La nueva maternidad está aún en construcción pero ya surgieron los primeros reclamos vecinales por los trabajos en las inmediaciones: luego de la pavimentación de la calle Las Madreselvas, vecinos del barrio Bonanza II señalaron que no ha quedado espacio para la realización de veredas, advirtiendo sobre futuros peligros para los peatones cuando aumente el flujo vehicular.
En los últimos días, de hecho, un grupo de frentistas recolectó firmas y presentó un petitorio ante la Jefatura de Gabinete (conducida por Juan Pablo Martignone), explicando la situación en la calle, que a lo largo de 600 metros conecta la colectora de Panamericana con la ruta 8. La obra la ha dejado “literalmente sin veredas a ambos lados”, indica el texto.
“Las medidas no corresponden a las establecidas –afirmó a El Diario Oscar Salom, vecino de la zona-, ensancharon de más a la calle y ahora no hay espacio para hacer veredas”.

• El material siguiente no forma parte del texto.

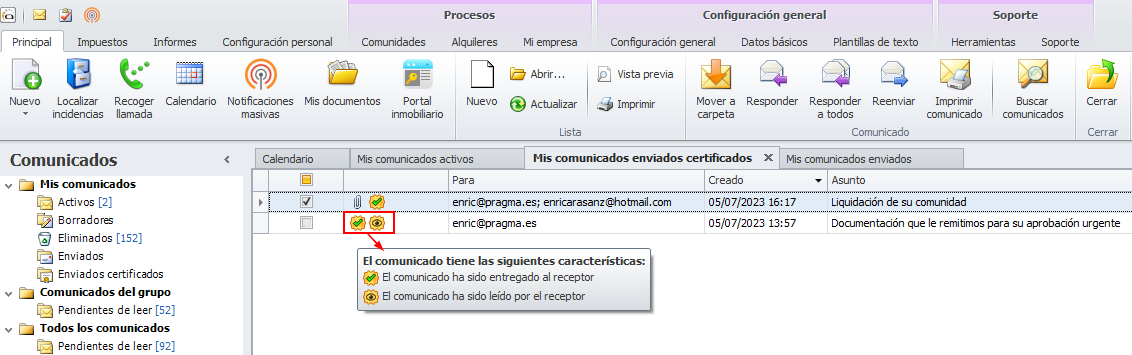 En la vista de comunicados enviados certificados se dispone de iconos que informan del estado de entrega y lectura de los mismos.
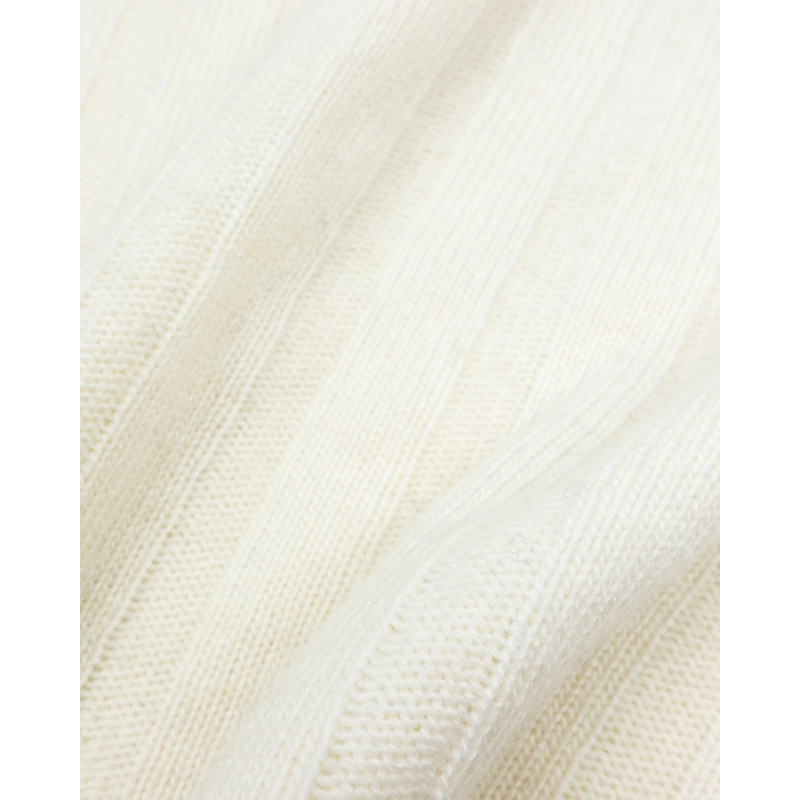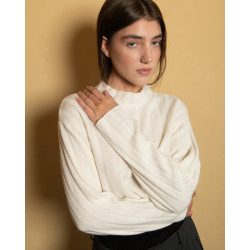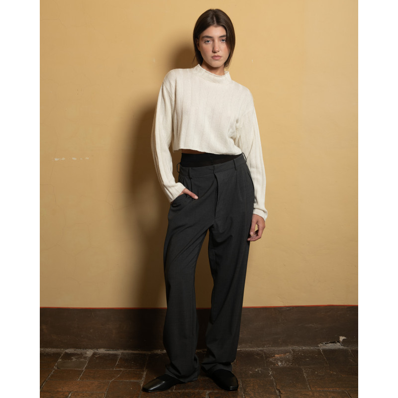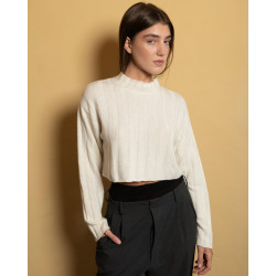 Maglione cropped variante panna, trama a coste larghe. Realizzato con filato di rimanenza in un maglificio di Prato.

El histórico dirigente del radicalismo local añadió que “la situación va a empeorar cuando se inaugure la nueva maternidad y por allí circulen más autos, transeúntes y colectivos”.

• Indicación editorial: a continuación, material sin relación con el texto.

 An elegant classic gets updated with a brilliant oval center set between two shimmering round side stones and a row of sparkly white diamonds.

Por el momento, efectivamente los peatones deben circulan por la calle, al menos en las cuadras más cercanas a la autopista, mientras los automóviles pasan a centímetros de distancia.
“Al ampliar la calle –continuó- sacaron gran parte de las veredas existentes o extrajeron tierra, dejaron desniveles de un metro en algunos lugares… La obra que se hizo debió prever la nivelación”.